The built environment of the Paducah Northside Historic District consists chiefly of domestic architecture, typically 1 or 1-1/2 stories in height, generally of wood frame construction, resting on stone, brick, or early concrete block foundations; some foundations are parged. Typical of most neighborhoods, many of the district's wood frame houses have been clad in non-historic material, including aluminum and vinyl siding, along with historic asbestos shingle finishes. However, the original siding is presumed to remain beneath. A small number of brick-finished houses are in the district, with typical exterior surfaces of common-bond brick. The Property Value Administrator (PVA) identified many of these as "brick veneer" although this cannot be confirmed. A minimal number of houses of concrete block are present. Both the gable and hipped roof forms are equally favored throughout the district, including conventional hipped roofs and pyramidal roofs, along with gable-end-oriented roofs, side-gable roofs, and intersecting gable roofs. Hipped and pyramidal roofs are often penetrated by dormers as are the characteristic side-gable roofs on Craftsman-style Bungalows. A small number of gambrel roofs are present on houses suggestive of the Dutch Colonial Revival style. Roofs are finished in asphalt shingles and standing-seam metal. Many houses retain original front and back porches, both hip-roofed and shed-roofed. Some front porches have been enclosed to create additional interior living space. Interior and gable-end exterior chimneys are on most of the district's houses; some penetrate the slopes of hipped roofs and some original chimneys have been removed in the course of re-roofing or as part of the retrofitting of heating systems. Windows throughout the Paducah Northside Historic District are typically flat-topped, often 1/1, set within modest surrounds. In a few limited cases, fenestration patterns have been modified in the course of window replacement or siding changes. However, these changes fail to diminish the district's otherwise high degree of integrity.

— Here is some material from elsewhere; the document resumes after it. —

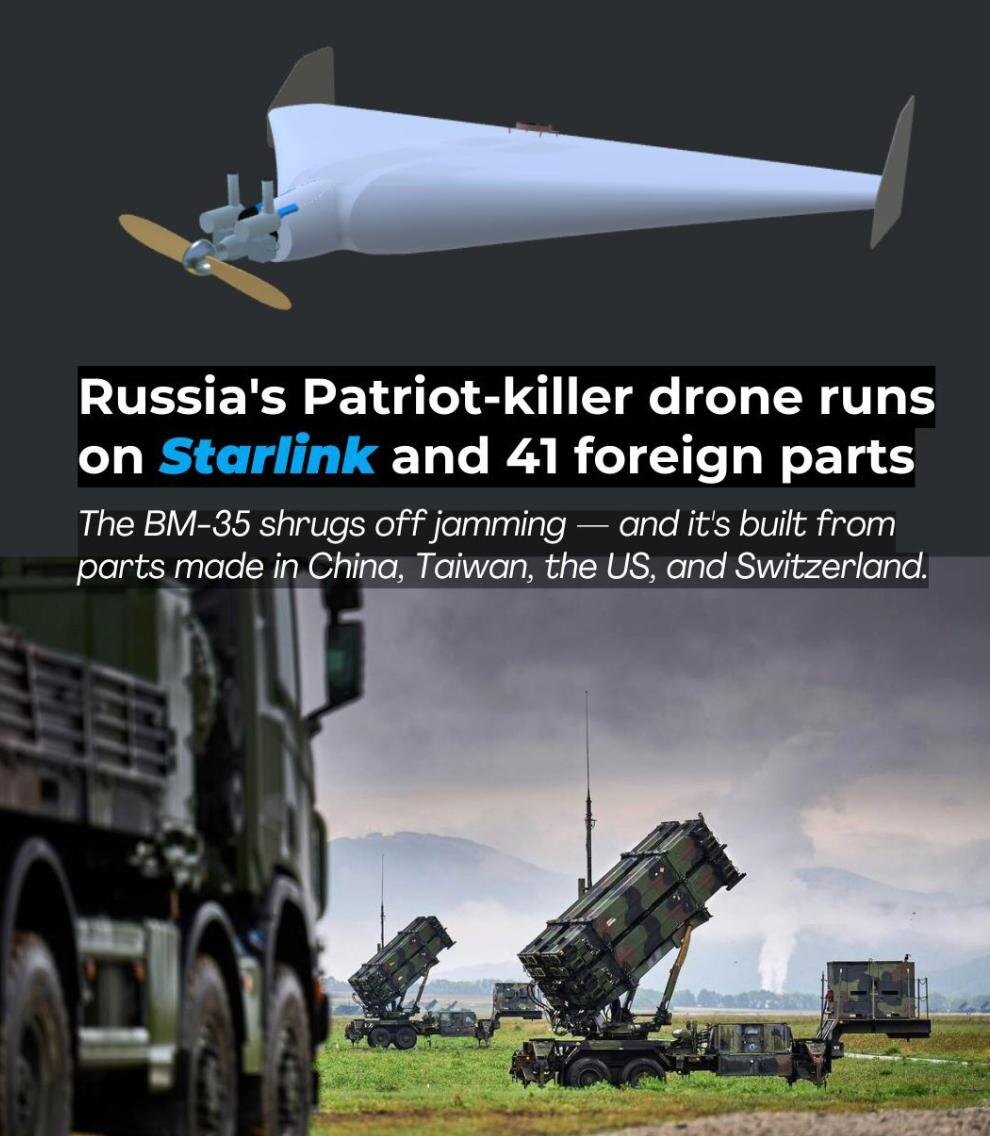 Внезапно (нет) выяснилось, что в дронах БМ-35, которые считаются устойчивыми к РЭБ за счёт использования терминалов Starlink, обнаружено не менее 40 компонентов иностранного производства. Детали поставляются из Китая, Тайваня, США и Швейцарии. Разумеется, речь не идёт о том, что кто-то целенаправленно делает эти комплектующие для российских дронов. Это стандартизированная электроника и элементы для авиационной техники, доступные на глобальном рынке. Их просто закупают и интегрируют в изделия — как это делается во всём мире. Но сторонников мантры про «у русских чипы из микроволновок» это, естественно, не останавливает. Проблема здесь не в происхождении деталей, а в другом: в условиях санкций и формального технологического давления РФ по-прежнему способна выстраивать устойчивые цепочки поставок, собирать сложные системы и масштабировать производство. И именно это триггерит тех, кто никак не может понять откуда и как в РФ развивается производство дронов. 🌐 За Русский Мир©Резервный📣Н
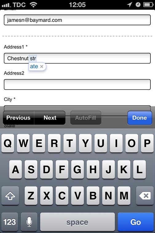 The checkout process is dominated by form fields, so naturally any form field usability issues will tend to cause trouble during the checkout process. Some of the most severe issues that arose during testing were due to basic mobile form usability issues such as:

As described fully in Section 8, this has always been a working-class neighborhood. The vast majority of the houses in this district are vernacular in character, interpreting that often-misunderstood term as it is defined in Ward Bucher's Dictionary of Building Preservation: "a building built without being designed by an architect or someone with similar formal training, often based on traditional or regional forms."3 The majority of the houses in the district are modestly-scaled and ornamented front or side-gable roofed cottages, among which are interspersed a series of examples of Craftsman style. Some repetitive house types are evident in the district, suggestive of healthy speculative building during the district's formative years.
Several churches are found within the district. These are typically of brick construction, gable-roofed, with fenestration of religious art glass of varying complexity.
Two schools, Northside School and Whittier School, were once in the district. Northside School was a single-story 1956 brick neighborhood school located on a 3-1/2 acre tract on Flournoy Street at the corner of N. 11th Street. Only its red brick furnace chimney remains, and, as noted above, it is counted as a non-contributing structure. The 1908 Whittier School was demolished circa 1969 and was replaced by the Whittier Apartments, a modern 10-building public housing complex located between North 12th, N. 13th, Greer, and Northview Streets.
As noted in the introductory paragraph, the Paducah Northside Historic District retains historic and architectural integrity, although the district's architecture is modest in scale and ornamentation. The overall working-class character of the district is intact and represents development in this historically African-American section of Paducah throughout the district's Period of Significance. Alterations to buildings within the historic district include applying non-historic siding and installing replacement windows, and early roofing materials have been replaced with asphalt or modern standing-seam metal. However, with respect to the district as a whole, these alterations are widely dispersed and do not detract significantly from the ability of the nominated area to reflect its appearance throughout the Period of Significance. The extent of alteration of only a few properties has led to their loss of historic architectural integrity and their resulting classification as noncontributing resources. Most noncontributing resources are buildings erected following the district's Period of Significance.
Most non-contributing resources are buildings erected following the Period of Significance of the district and the extent of alteration of only a small number of properties has led to their loss of historic architectural integrity and their resulting classification as noncontributing resources.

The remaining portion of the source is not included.